_GIVEN DATA:_
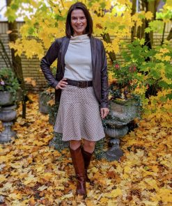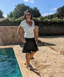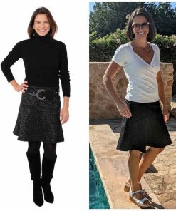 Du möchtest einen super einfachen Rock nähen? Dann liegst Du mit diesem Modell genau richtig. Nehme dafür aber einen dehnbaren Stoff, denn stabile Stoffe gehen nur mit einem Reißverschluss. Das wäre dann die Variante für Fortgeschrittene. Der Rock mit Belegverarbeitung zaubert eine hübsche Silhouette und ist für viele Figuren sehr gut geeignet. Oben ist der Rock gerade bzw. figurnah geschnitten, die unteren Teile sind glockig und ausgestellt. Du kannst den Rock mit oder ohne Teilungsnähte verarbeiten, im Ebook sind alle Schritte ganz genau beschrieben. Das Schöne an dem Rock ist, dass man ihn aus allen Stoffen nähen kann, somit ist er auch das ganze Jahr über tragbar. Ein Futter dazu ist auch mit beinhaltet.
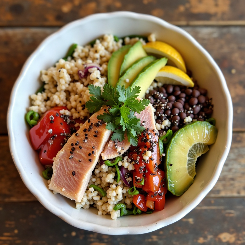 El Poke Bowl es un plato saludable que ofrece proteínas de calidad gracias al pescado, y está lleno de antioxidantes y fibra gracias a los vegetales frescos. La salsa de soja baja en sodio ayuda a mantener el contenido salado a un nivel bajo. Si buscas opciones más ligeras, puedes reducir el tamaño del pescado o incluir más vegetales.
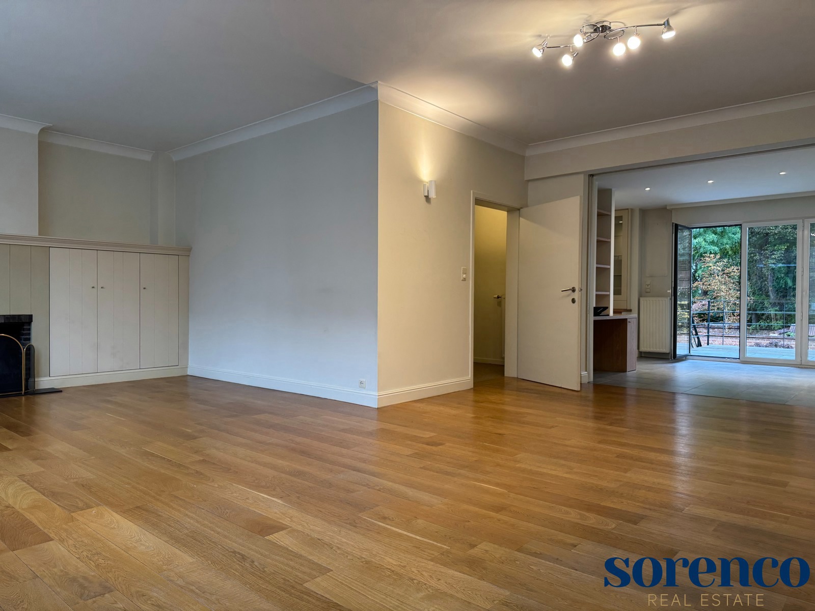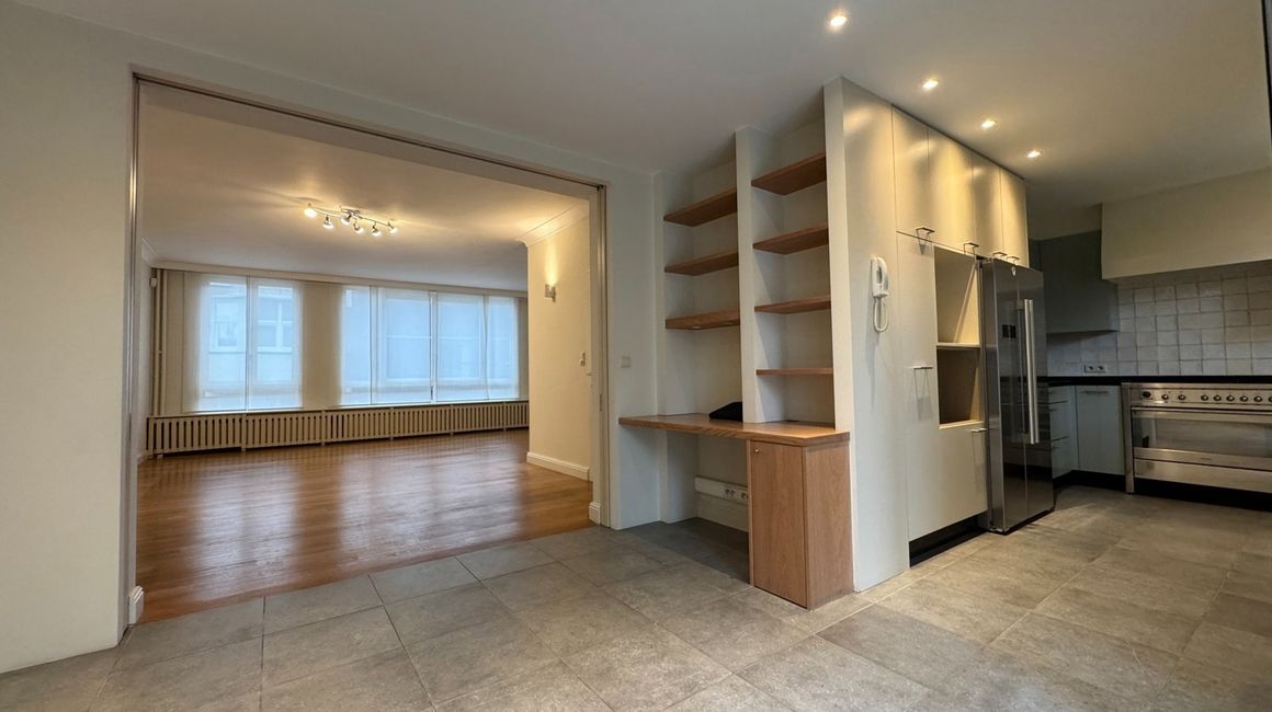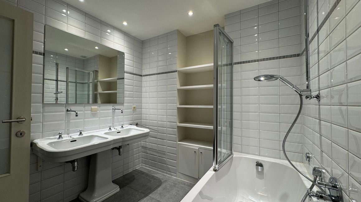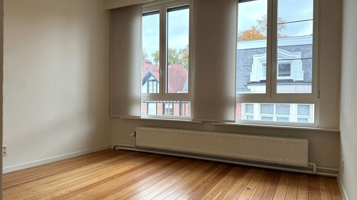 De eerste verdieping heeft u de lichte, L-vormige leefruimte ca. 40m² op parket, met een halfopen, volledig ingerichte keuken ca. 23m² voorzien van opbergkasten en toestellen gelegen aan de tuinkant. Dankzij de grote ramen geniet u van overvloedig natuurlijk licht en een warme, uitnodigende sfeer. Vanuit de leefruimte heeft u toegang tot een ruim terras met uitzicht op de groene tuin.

_WHAT TO WORK ON:_ Nothing but the pictures should be left out when the material above is copied.

_OUTPUT OF THE EXERCISE:_
 Du möchtest einen super einfachen Rock nähen? Dann liegst Du mit diesem Modell genau richtig. Nehme dafür aber einen dehnbaren Stoff, denn stabile Stoffe gehen nur mit einem Reißverschluss. Das wäre dann die Variante für Fortgeschrittene. Der Rock mit Belegverarbeitung zaubert eine hübsche Silhouette und ist für viele Figuren sehr gut geeignet. Oben ist der Rock gerade bzw. figurnah geschnitten, die unteren Teile sind glockig und ausgestellt. Du kannst den Rock mit oder ohne Teilungsnähte verarbeiten, im Ebook sind alle Schritte ganz genau beschrieben. Das Schöne an dem Rock ist, dass man ihn aus allen Stoffen nähen kann, somit ist er auch das ganze Jahr über tragbar. Ein Futter dazu ist auch mit beinhaltet.
 El Poke Bowl es un plato saludable que ofrece proteínas de calidad gracias al pescado, y está lleno de antioxidantes y fibra gracias a los vegetales frescos. La salsa de soja baja en sodio ayuda a mantener el contenido salado a un nivel bajo. Si buscas opciones más ligeras, puedes reducir el tamaño del pescado o incluir más vegetales.
 De eerste verdieping heeft u de lichte, L-vormige leefruimte ca. 40m² op parket, met een halfopen, volledig ingerichte keuken ca. 23m² voorzien van opbergkasten en toestellen gelegen aan de tuinkant. Dankzij de grote ramen geniet u van overvloedig natuurlijk licht en een warme, uitnodigende sfeer. Vanuit de leefruimte heeft u toegang tot een ruim terras met uitzicht op de groene tuin.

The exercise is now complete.